Another major thing we can do to help first responders is to make sure that we say thank you when we see them. Let them know how much we value them and what they do for us and for the public. Too often they are not thanked for the routine calls they receive and handle professionally every day. I just don’t think we can thank them enough! Our churches, neighborhoods, or organizations can adopt a precinct or a fire station or military personnel and pray for them. They can also do nice things for them or send them food, buy gift cards, or groceries for them, and send encouraging cards or notes.
Another thing we can do to help first responders is to find out what they need and see how we can help. They have families and loved ones and they have just as many life challenges as the rest of us have, maybe more because of the nature of their work. Let’s lend a hand wherever they might need it.
The greatest thing we can do for first responders is to pray for them. We can pray that they have wisdom and strength for every situation that they face; that they know how much God loves them; that they are not tainted by the violence and trauma they see and experience daily; and that they live long healthy lives enjoying their families.

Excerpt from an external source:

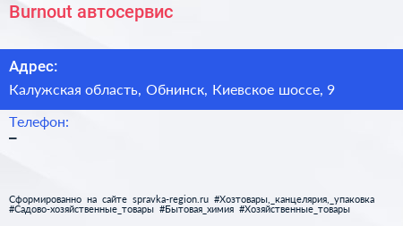 Burnout, автосервис по адресу Калужская область, Обнинск, Киевское шоссе, 9 в дальнейшем Организация, размещена в следующих категориях:

Hopefully, this post has rekindled your appreciation for our first responders. If “you” are a first responder, a really HUGE, special Thank You goes out to you! If you are the spouse or parent of a first responder who waits to hear from them at the end of their shifts, a huge, special Thank You goes to you as well. It must be quite an emotional roller coaster for you. If you know someone who is a first responder, make a point to say thank you in as many ways as possible and as often as you can. Encouraging words can make a big difference in their day.
I would love to hear your thoughts about what I’ve said in this post or about your experiences knowing someone who is a first responder. Obviously, there’s so much more that can be said and done regarding our valuable first responders. Thank you for reading!